Japanese API

Japanese G2P uses pyopenjtalk for text analysis and mora-based phoneme generation.

Main Class

class kokorog2p.ja.JapaneseG2P(language: str = 'ja', use_espeak_fallback: bool = True, use_spacy: bool = False, spacy_model: str = 'ja_core_news_sm', backend: str = 'pyopenjtalk', unk: str = '', load_silver: bool = True, load_gold: bool = True, version: str = '1.0', **kwargs)[source]

Bases: G2PBase

Japanese G2P using pyopenjtalk or cutlet.

Example:
>>> g2p = JapaneseG2P()
>>> tokens = g2p("こんにちは")
__init__(language: str = 'ja', use_espeak_fallback: bool = True, use_spacy: bool = False, spacy_model: str = 'ja_core_news_sm', backend: str = 'pyopenjtalk', unk: str = '', load_silver: bool = True, load_gold: bool = True, version: str = '1.0', **kwargs) None[source]

Initialize the Japanese G2P.

Args:

language: Language code (e.g., ‘ja’, ‘ja-jp’). use_espeak_fallback: Whether to use espeak for unknown words. use_spacy: Reserved for API consistency. Japanese uses

pyopenjtalk/cutlet backends for tokenization and phonemization.

spacy_model: Reserved for API consistency when use_spacy is enabled. backend: Backend to use (“pyopenjtalk” or “cutlet”). unk: Unknown token placeholder. load_silver: If True, load silver tier dictionary if available.

Currently Japanese doesn’t use dictionary system, so this parameter is reserved for future use and consistency. Defaults to True for consistency.

load_gold: If True, load gold tier dictionary if available.

Currently Japanese doesn’t use dictionary system, so this parameter is reserved for future use and consistency.
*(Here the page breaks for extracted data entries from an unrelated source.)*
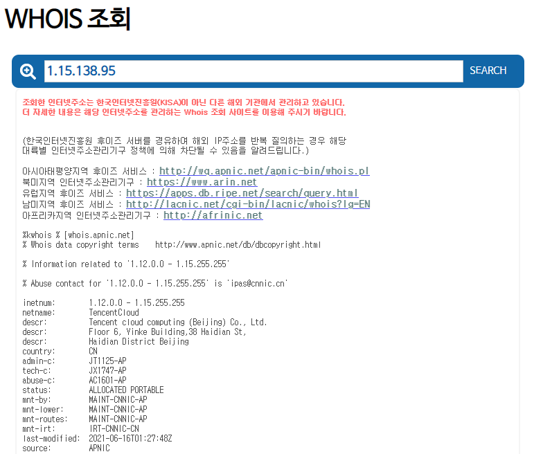 KISA 후이즈검색 whois.kisa.or.kr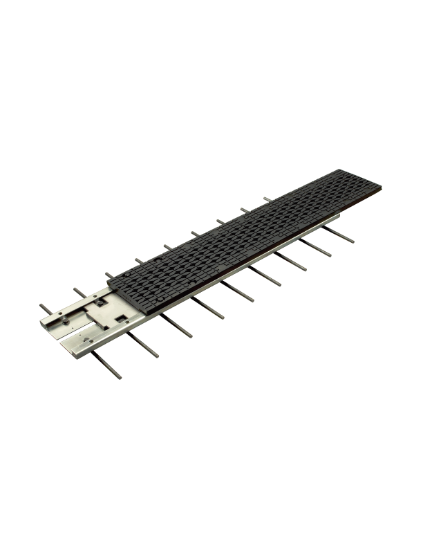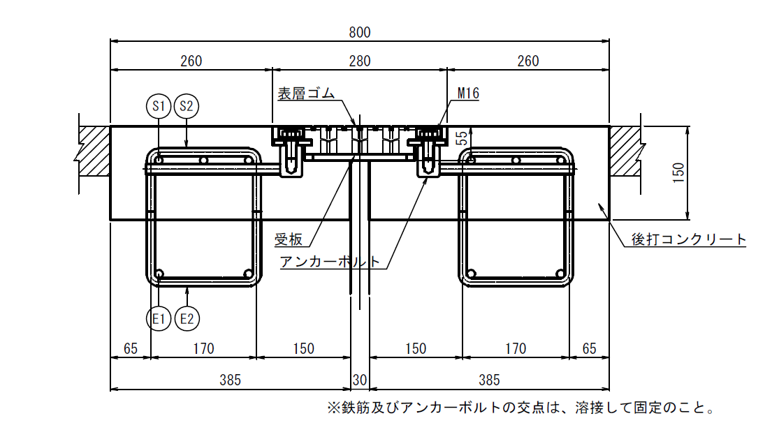 ・本体は表層ゴム、受板(荷重支持板)、受台が分離構造となっている荷重支持型である。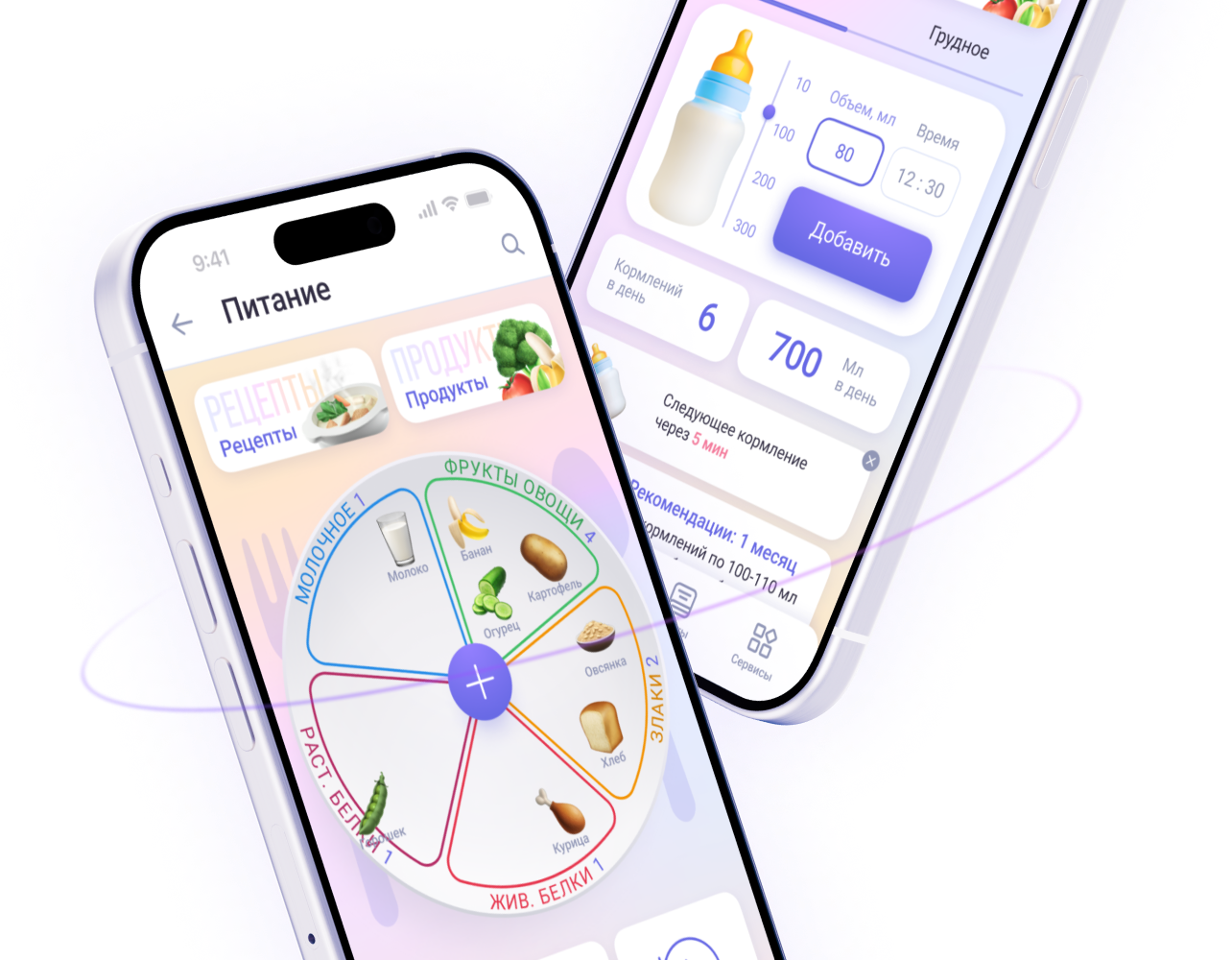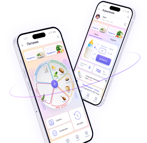 Приложение поможет с контролем грудного и искусственного вскармливания, введет прикорм и составит рацион на неделю.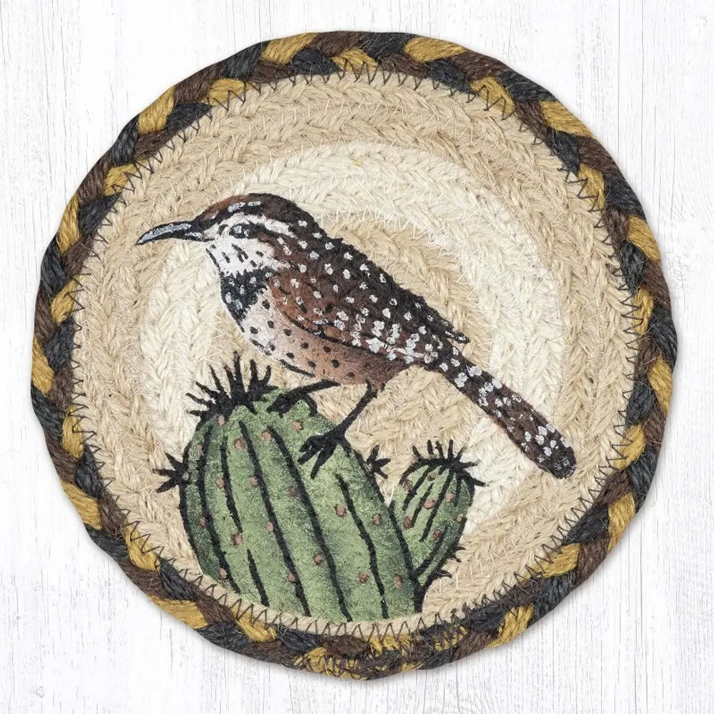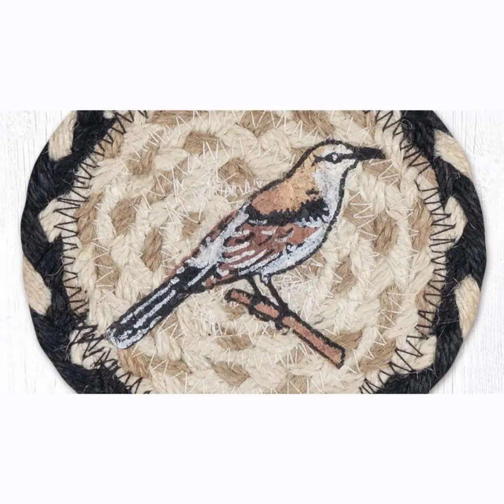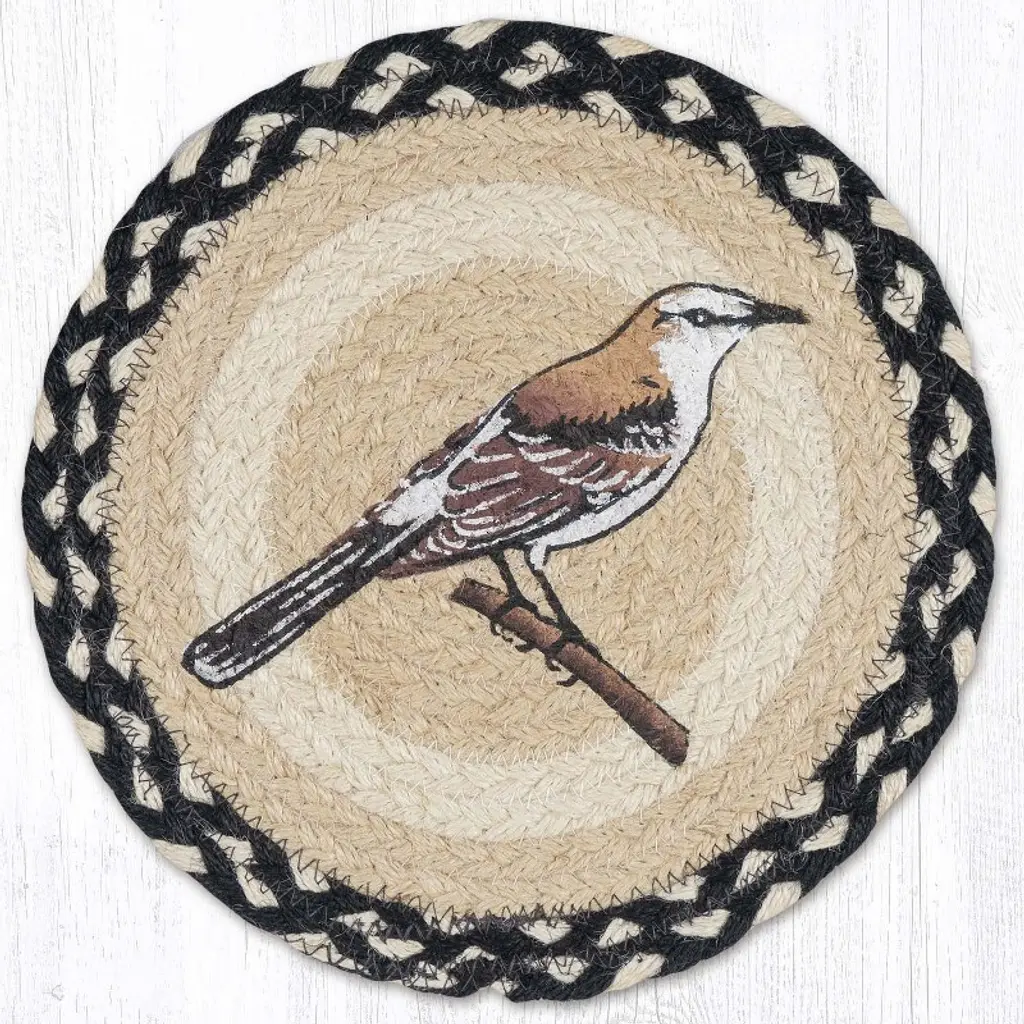 Earth Rugs Mockingbird Printed Coaster – 5"x5" Braided Jute, Nature-inspired Rustic Bird Table Accent

Defaults to True for consistency.

version: Model version (“1.0” for base, “1.1” for multilingual).

Default: “1.0”.

**kwargs: Additional arguments.

property pyopenjtalk

Lazy import of pyopenjtalk.

property cutlet

Lazy initialization of Cutlet backend.

static pron2moras(pron: str) list[str][source]

Convert pronunciation to mora list.

__call__(text: str) list[GToken][source]

Convert text to tokens with phonemes.

Args:

text: Input text to convert.

Returns:

List of GToken objects with phonemes.

lookup(word: str, tag: str | None = None) str | None[source]

Look up a word’s phonemes.

Args:

word: The word to look up. tag: Optional POS tag (ignored for Japanese).

Returns:

Phoneme string or None.

phonemize(text: str) str[source]

Convert text to phonemes.

Args:

text: Input text to convert.

Returns:

Phoneme string.

get_target_model() str[source]

Get the target Kokoro model variant for this G2P instance.

Returns:

Model identifier: version string (“1.1” or “1.0”).

Examples

from kokorog2p.ja import JapaneseG2P

g2p = JapaneseG2P(language="ja")
tokens = g2p("こんにちは世界")

for token in tokens:
    print(f"{token.text} -> {token.phonemes}")

Features

  • pyopenjtalk for full Japanese text analysis

  • Mora-based phoneme generation

  • Automatic pitch accent assignment

  • Japanese numeral handling